Question

Thermoelectric coolers that plug into the cigarette lighter of a car are commonly available. One such cooler is claimed to cool a \(12-0 z(0.771-1 b m)\) drink from 78 to \(38^{\circ} \mathrm{F}\) or to heat a cup of coffee from 75 to \(130^{\circ} \mathrm{F}\) in about \(15 \mathrm{min}\) in a well-insulated cup holder. Assuming an average COP of 0.2 in the cooling mode, determine ( \(a\) ) the average rate of heat removal from the drink, \((b)\) the average rate of heat supply to the coffee, and ( \(c\) ) the electric power drawn from the battery of the car, all in \(\mathrm{W}\).

Short answer

(a) The average rate of heat removal from the drink is -36.8 W. (b) The average rate of heat supply to the coffee is 53.0 W. (c) The electric power drawn from the car battery for cooling and heating is 184 W and 265 W, respectively.

Step-by-step solution

Convert temperature values from Fahrenheit to Celsius

To perform the calculations, we need to convert the given temperatures from Fahrenheit to Celsius. Use the formula: \(T_C = (T_F - 32) \times (5/9)\). Drink: Initial temperature: \(T_{1(di)} = (78 - 32) \times (5/9) = 25.6^\circ\text{C}\) Final temperature: \(T_{2(di)} = (38 - 32) \times (5/9) = 3.33^\circ\text{C}\) Coffee: Initial temperature: \(T_{1(co)} = (75 - 32) \times (5/9) = 23.9^\circ\text{C}\) Final temperature: \(T_{2(co)} = (130 - 32) \times (5/9) = 54.4^\circ\text{C}\)
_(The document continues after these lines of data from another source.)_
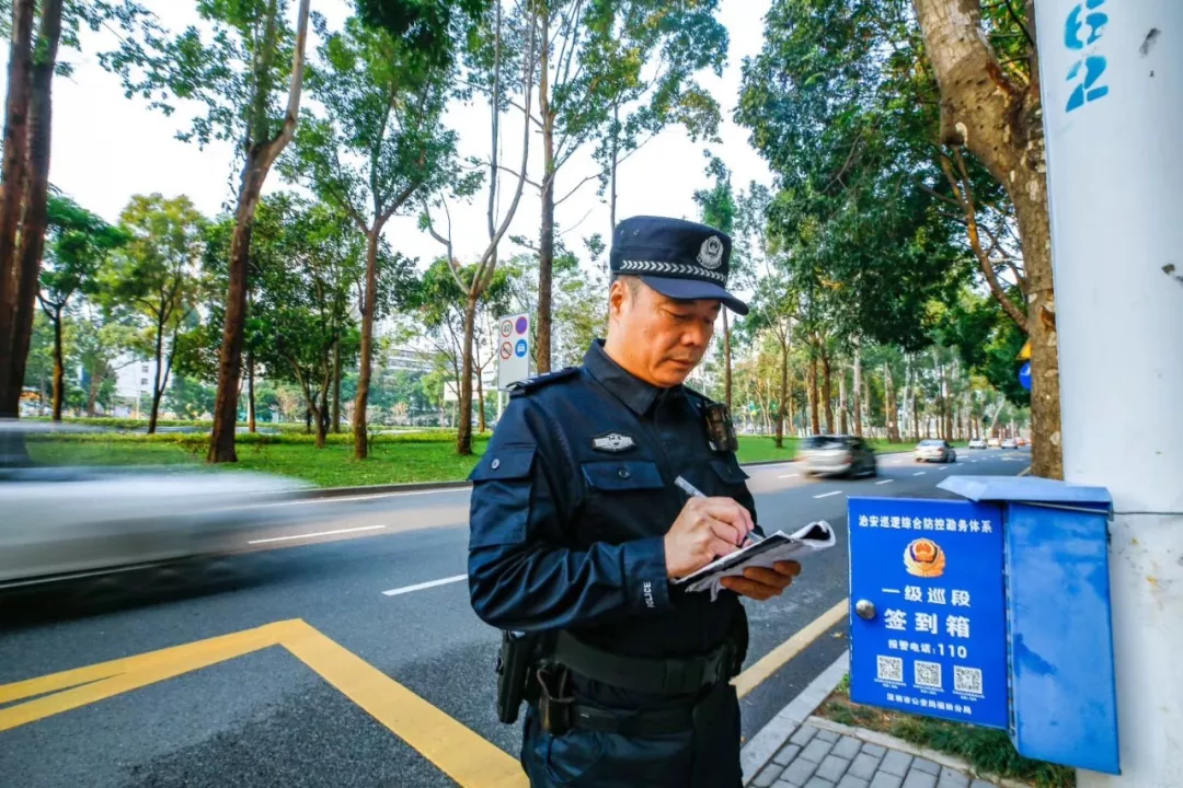 3月7日早晨8时,我们在景田派出所门口见到了45岁的巡逻民警卓明浪,一身警服整肃有序,高高大大、孔武有力。彼时,他已和昨晚夜班的同事交接完工作,检查完八大件和手枪、执法记录仪、警务手机等警用装备,投入到正常的勤务工作中。
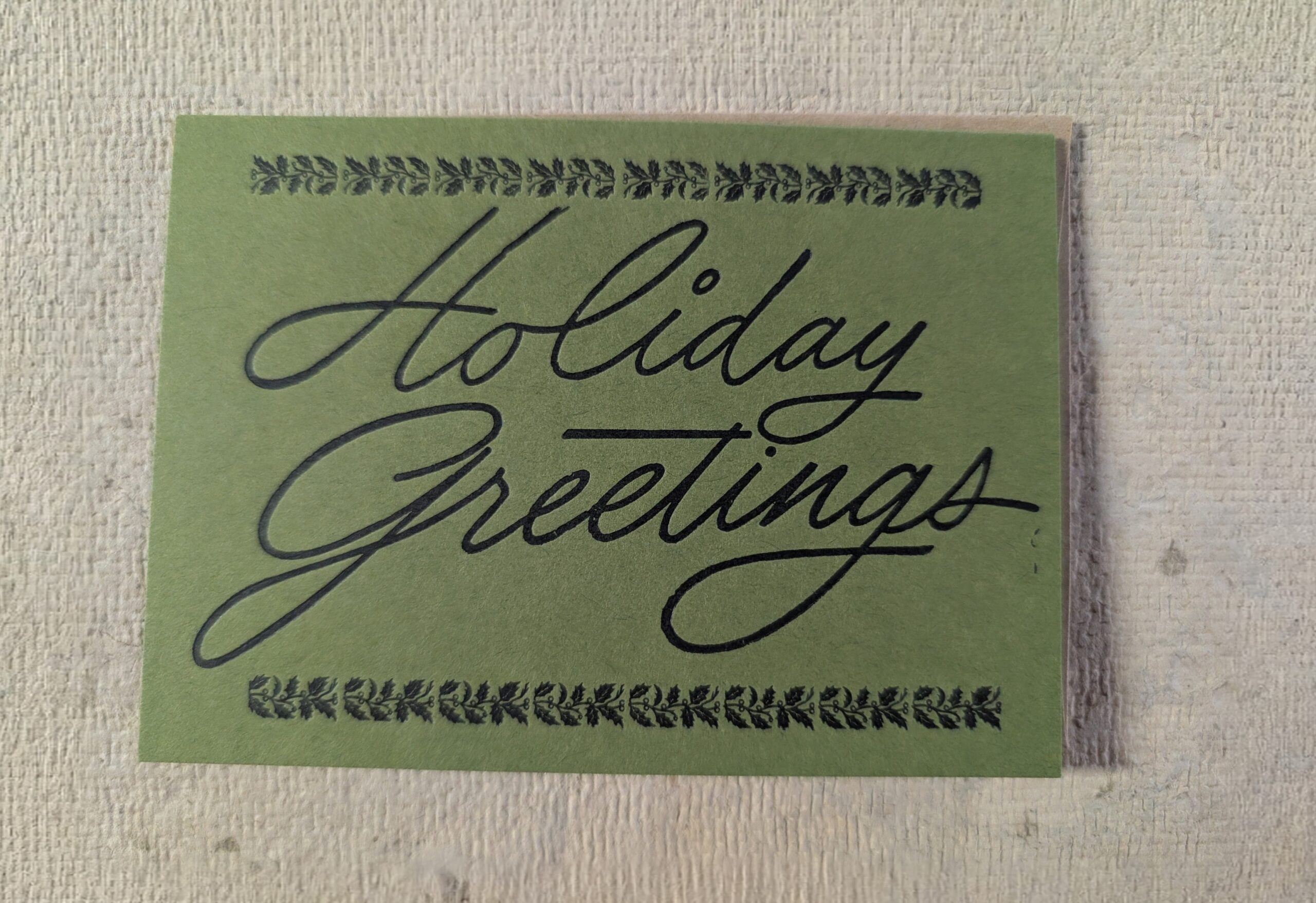 Deep green cards printed by hand on the letterpress offer a rich, seasonal feel. Each pack includes five cards with matching envelopes, sized 4.5″ × 5.75″. The interiors are blank, giving you plenty of room to write and share holiday warmth.
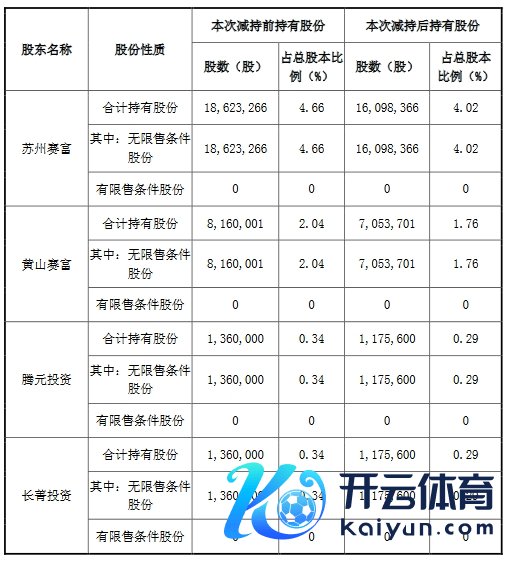 公司于2024年8月30日表现了《对于公司抓股5%以上鼓动减抓股份的预表现公告》(公告编号:2024-052),鼓动苏州赛富璞鑫医疗健康产业投资中心(有限结伴)(以下简称“苏州赛富”)、黄山赛富旅游文化产业发展基金(有限结伴)(以下简称“黄山赛富”)、天津赛富盛元投资处置中心(有限结伴)-嘉兴腾元投资结伴企业(有限结伴)(以下简称“腾元投资”)、北京谈同长菁投资处置中心(有限结伴)(以下简称“长菁投资”),四者系统一扫尾下的企业,为一致步履东谈主,抓有股份合并规划(以下合称“赛富投资”),筹备自该公告表现之日起十五个交过去后的三个月内,以聚拢竞价交往形貌减抓的股份数目不普及4,000,000股(占公司总股本的比例为1%)。
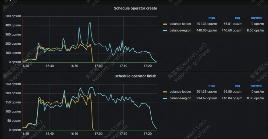 经过以上步骤,一个 balance region 的 operator 变生成了。我们可以通过 pd->operator->schedule operator create -> balance region 查看当前 operator 的产生速度.
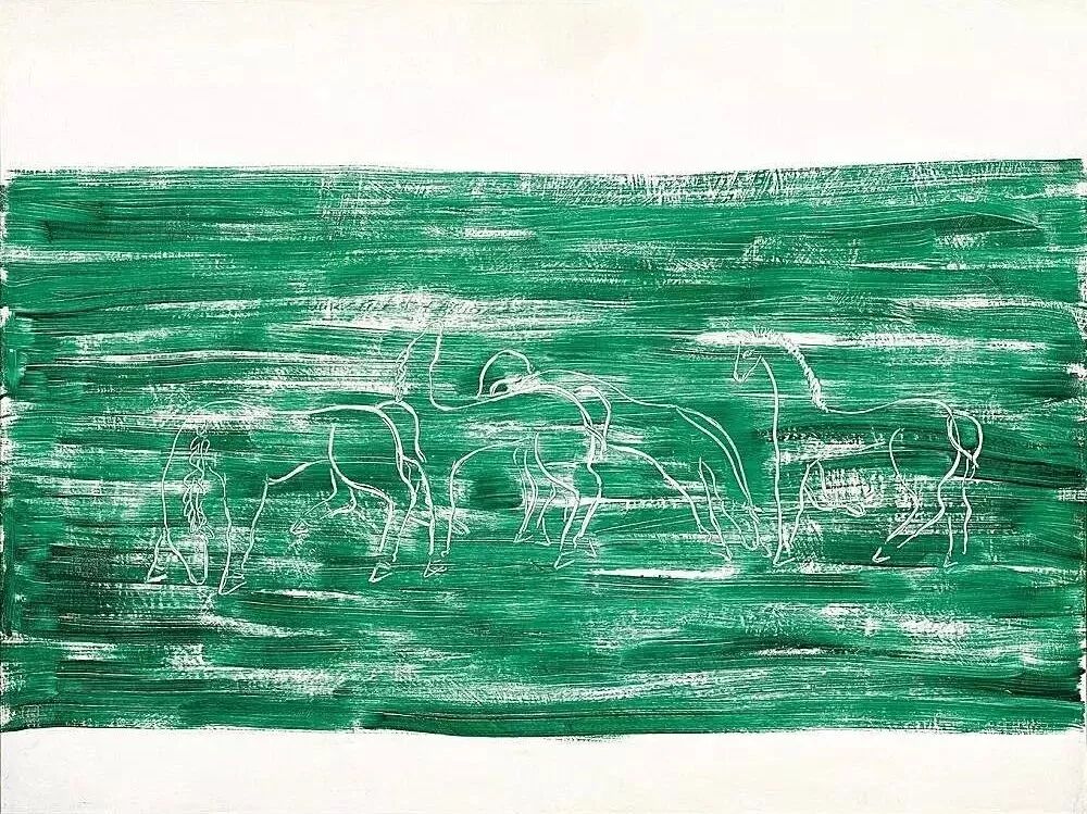 常玉有一副名作叫《黑马、白马》,背面是《豹》。他在豹子的前蹄子处写了一行字:“此画经两个时代方成,起画在1930年黑马当成白马未就成全。成就在1945年,在这个时代我爱恋一少妇,因她而成此画,这幅画已属于她后绝离。此画仍为此,玉记。”50岁的时候,常玉和他的19岁的德国女模特同居,但不久就分手了。
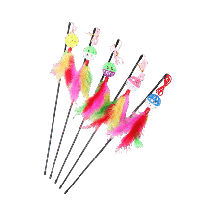 Premium Cat Toy Teaser Stick with Ball, Bell & Feather
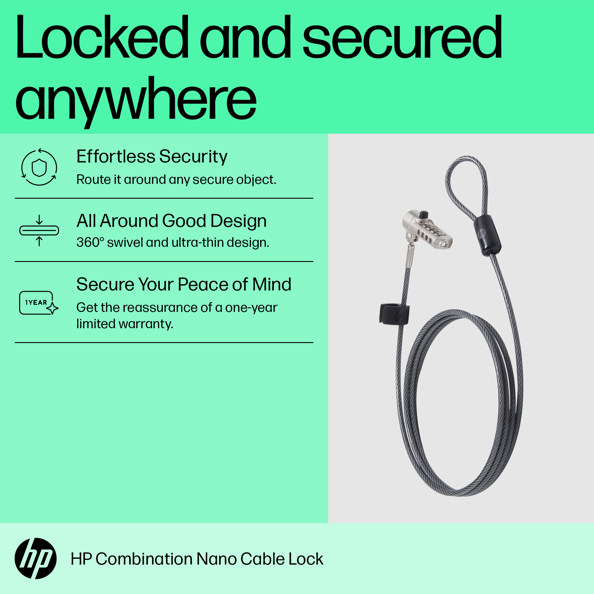 Keep your laptop locked in and secured with the HP Combination Nano Cable Lock, designed for any HP notebook with a nano lock slot[1]. Loop and lock with a unique pre-set combination for keyless, worry-free security almost anywhere.
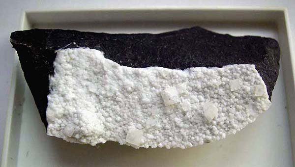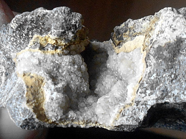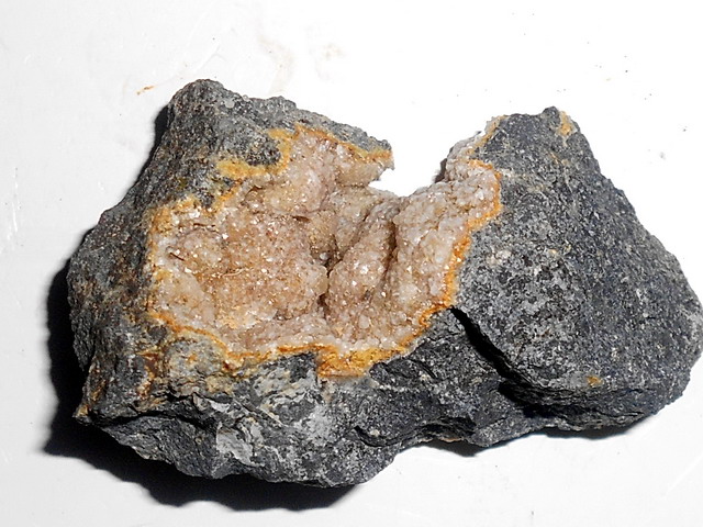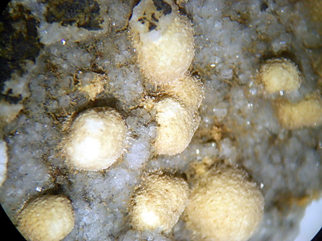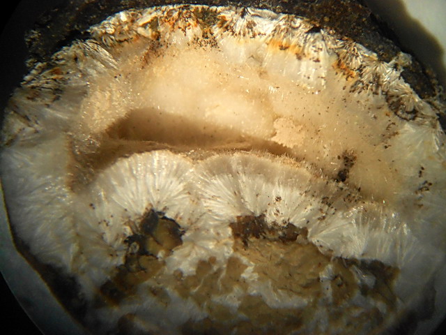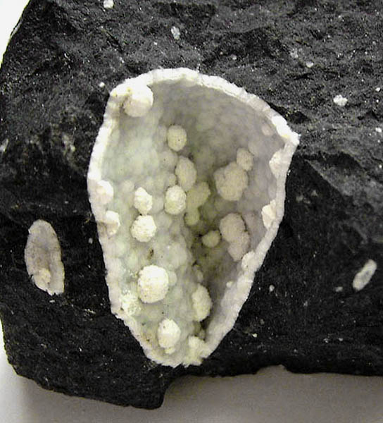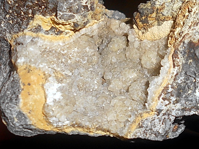 In einer späten Phase haben sich darin hydrothermale Mineralien gebildet, die die Hohlräume teilweise oder völlig ausgefüllt haben.

Determine the mass of the drink

We're given the volume, 12 oz, which needs to be converted to liters and then multiplied by the density of water to find the mass: Volume (in liters): \(V = 12\,\text{oz} \times 0.0295735 = 0.354\,\text{L}\) Density of water: \(\rho = 1000\,\text{kg/m}^3\) Mass of drink: \(m_{di} = \rho \times V = 1000\,\text{kg/m}^3 \times 0.354\,\text{L} = 0.354\,\text{kg}\)

Calculate the heat transfer for the drink and coffee

Use the specific heat formula to find the heat transfer for both the drink and the coffee: \(Q = mc\Delta T\). The specific heat capacity of water, \(c\), is approximately \(4.18\,\text{kJ/kgK}\). Drink: \(Q_{di} = m_{di}c(T_{2(di)} - T_{1(di)}) = 0.354\,\text{kg} \times 4.18\,\text{kJ/kgK} \times (3.33 - 25.6)^\circ\text{C} = -33.12\,\text{kJ}\) Coffee: \(Q_{co} = m_{co}c(T_{2(co)} - T_{1(co)}) = 0.354\,\text{kg} \times 4.18\,\text{kJ/kgK} \times (54.4 - 23.9)^\circ\text{C} = 47.67\,\text{kJ}\)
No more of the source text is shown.